▶ **WORK TASK**: Below are some records; quote exactly the lines from the one that contains "不但房间里挂满了足球比赛的奖" through the one that contains "นางสาวชมภารี ชมภูรัตน์ อธิบดีกรมอุตุนิยมวิทยา", inclusive, and no others.

▶ **INFORMATION PROVIDED**:
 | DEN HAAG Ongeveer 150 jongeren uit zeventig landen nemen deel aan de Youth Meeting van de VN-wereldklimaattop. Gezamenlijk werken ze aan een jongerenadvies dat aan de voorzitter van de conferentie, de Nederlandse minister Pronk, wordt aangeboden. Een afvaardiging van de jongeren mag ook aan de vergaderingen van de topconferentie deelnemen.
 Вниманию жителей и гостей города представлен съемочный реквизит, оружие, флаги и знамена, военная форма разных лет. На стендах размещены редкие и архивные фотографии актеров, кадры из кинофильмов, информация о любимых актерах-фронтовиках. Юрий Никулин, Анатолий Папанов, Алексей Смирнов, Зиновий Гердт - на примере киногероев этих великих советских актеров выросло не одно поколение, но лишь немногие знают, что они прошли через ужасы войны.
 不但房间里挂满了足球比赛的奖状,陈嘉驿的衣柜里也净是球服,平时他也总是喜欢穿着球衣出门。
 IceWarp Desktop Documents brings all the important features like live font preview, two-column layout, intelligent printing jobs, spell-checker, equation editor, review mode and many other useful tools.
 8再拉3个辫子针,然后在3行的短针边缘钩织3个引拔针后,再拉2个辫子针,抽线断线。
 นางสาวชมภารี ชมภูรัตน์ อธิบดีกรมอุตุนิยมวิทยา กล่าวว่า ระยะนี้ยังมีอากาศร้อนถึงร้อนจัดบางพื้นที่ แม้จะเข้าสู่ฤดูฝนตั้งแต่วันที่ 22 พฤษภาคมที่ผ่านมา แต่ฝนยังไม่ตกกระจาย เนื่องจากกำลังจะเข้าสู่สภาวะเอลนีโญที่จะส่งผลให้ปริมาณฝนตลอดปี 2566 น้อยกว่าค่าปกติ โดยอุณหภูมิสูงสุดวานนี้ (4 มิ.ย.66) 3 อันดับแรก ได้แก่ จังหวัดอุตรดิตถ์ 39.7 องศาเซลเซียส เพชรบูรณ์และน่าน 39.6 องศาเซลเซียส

==

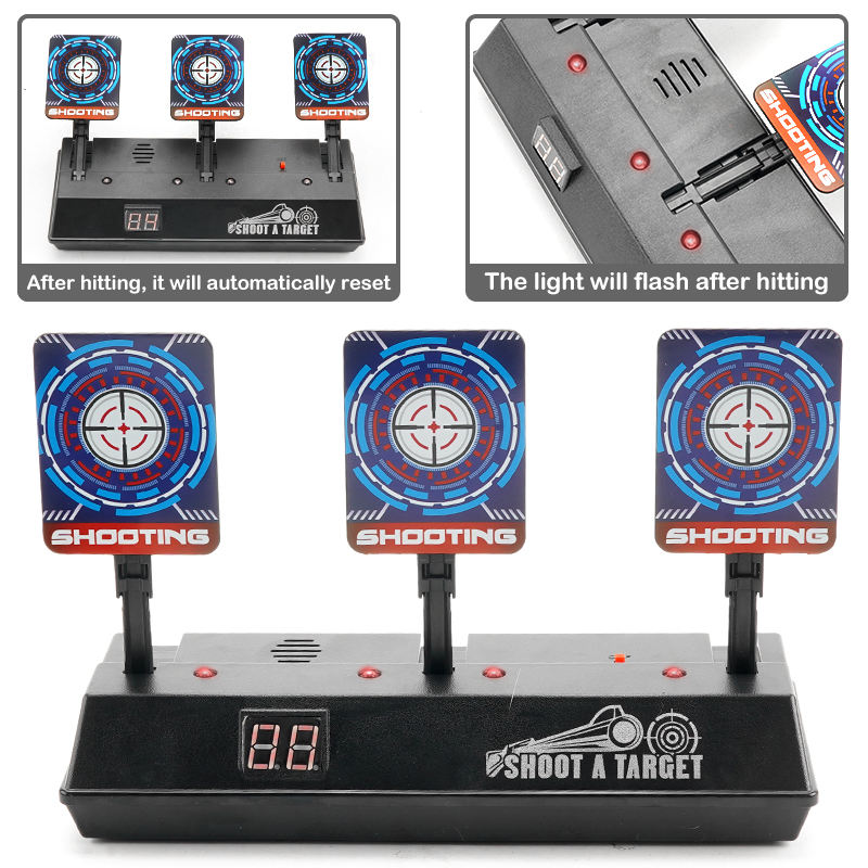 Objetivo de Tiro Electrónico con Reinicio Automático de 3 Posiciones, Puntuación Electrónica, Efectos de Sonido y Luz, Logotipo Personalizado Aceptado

▶ **YOUR RESPONSE**:
 不但房间里挂满了足球比赛的奖状,陈嘉驿的衣柜里也净是球服,平时他也总是喜欢穿着球衣出门。
 IceWarp Desktop Documents brings all the important features like live font preview, two-column layout, intelligent printing jobs, spell-checker, equation editor, review mode and many other useful tools.
 8再拉3个辫子针,然后在3行的短针边缘钩织3个引拔针后,再拉2个辫子针,抽线断线。
 นางสาวชมภารี ชมภูรัตน์ อธิบดีกรมอุตุนิยมวิทยา กล่าวว่า ระยะนี้ยังมีอากาศร้อนถึงร้อนจัดบางพื้นที่ แม้จะเข้าสู่ฤดูฝนตั้งแต่วันที่ 22 พฤษภาคมที่ผ่านมา แต่ฝนยังไม่ตกกระจาย เนื่องจากกำลังจะเข้าสู่สภาวะเอลนีโญที่จะส่งผลให้ปริมาณฝนตลอดปี 2566 น้อยกว่าค่าปกติ โดยอุณหภูมิสูงสุดวานนี้ (4 มิ.ย.66) 3 อันดับแรก ได้แก่ จังหวัดอุตรดิตถ์ 39.7 องศาเซลเซียส เพชรบูรณ์และน่าน 39.6 องศาเซลเซียส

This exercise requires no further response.